The words hurt, but I don’t let myself flinch from them. She’s right. One confession doesn’t erase ten years of damage. One honest conversation doesn’t rebuild the trust I shattered when I walked away from her in the dark.
“I know,” I say for what feels like the hundredth time tonight. “I haven’t earned it yet. But I’d like the chance to try. If you’ll let me.”
She studies my face for a long moment, and I hold myself still under her scrutiny. Let her look. Let her see whatever she needs to see. I have nothing left to hide from her now.
“I’m going to bed,” she finally declares. “Alone. I need time to think about everything you’ve told me.”
“Take all the time you need.”
She turns toward the cabin door, then pauses with her hand on the frame. Without looking back, she says, “Thank you for telling me the truth. I know it wasn’t easy.”

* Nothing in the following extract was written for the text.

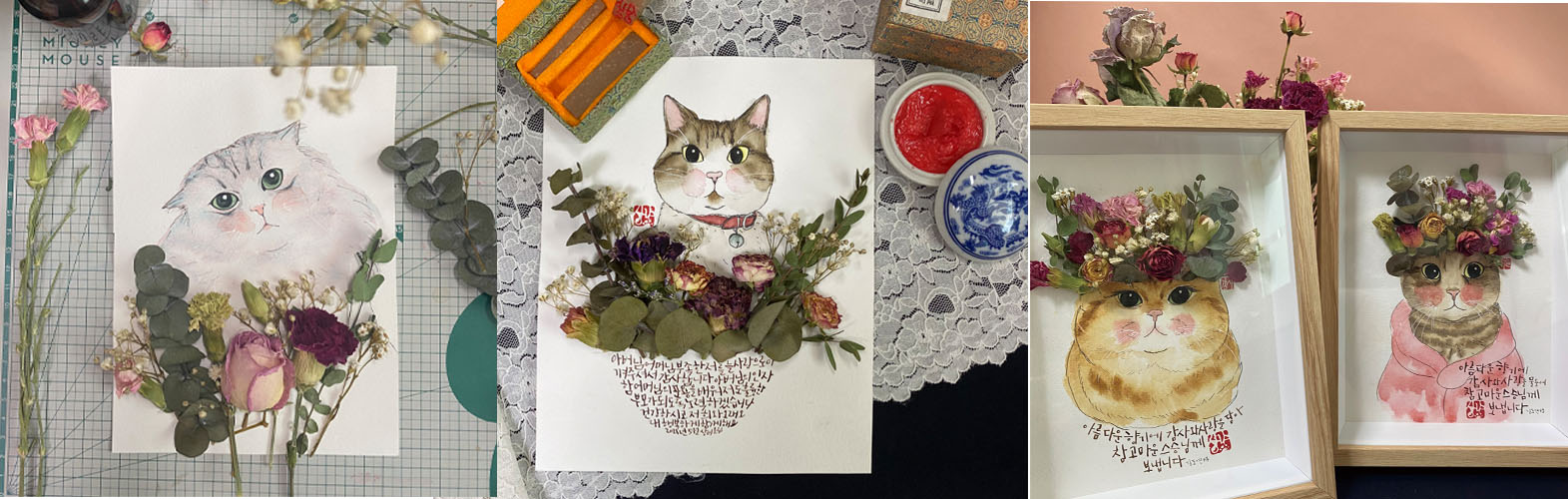 캘리그라피와 그림 외에도 악세서리나 기타재료들을 콜라보하여 저만의 느낌이 담긴 작품이나 아트상품을 개발하는 것이에요.

“It was easier than you might think. The hard part was carrying it alone for so long.”
A small sound escapes her. Not quite a laugh, not quite a sob. Something in between that makes me want to pull her into my arms and hold her until every broken piece of us somehow fits back together.
But I don’t move. Because she’s not ready, and I haven’t earned the right to offer that kind of comfort yet.
“Goodnight, Bryan.”
“Goodnight, Skylar.”
The door closes behind her, and I sit on the porch for a long time after she’s gone, watching the stars emerge one by one in the darkening sky.
The conversation replays in my mind, every word and every silence examined from different angles.
I don’t know if tonight fixed anything between us or just reopened wounds that have been festering for a decade.
But for the first time since I came home, I feel something loosening in my chest. The secret I’ve carried for ten years is finally out in the open, no longer poisoning everything it touches.
She knows now.
What she does with that knowledge is up to her.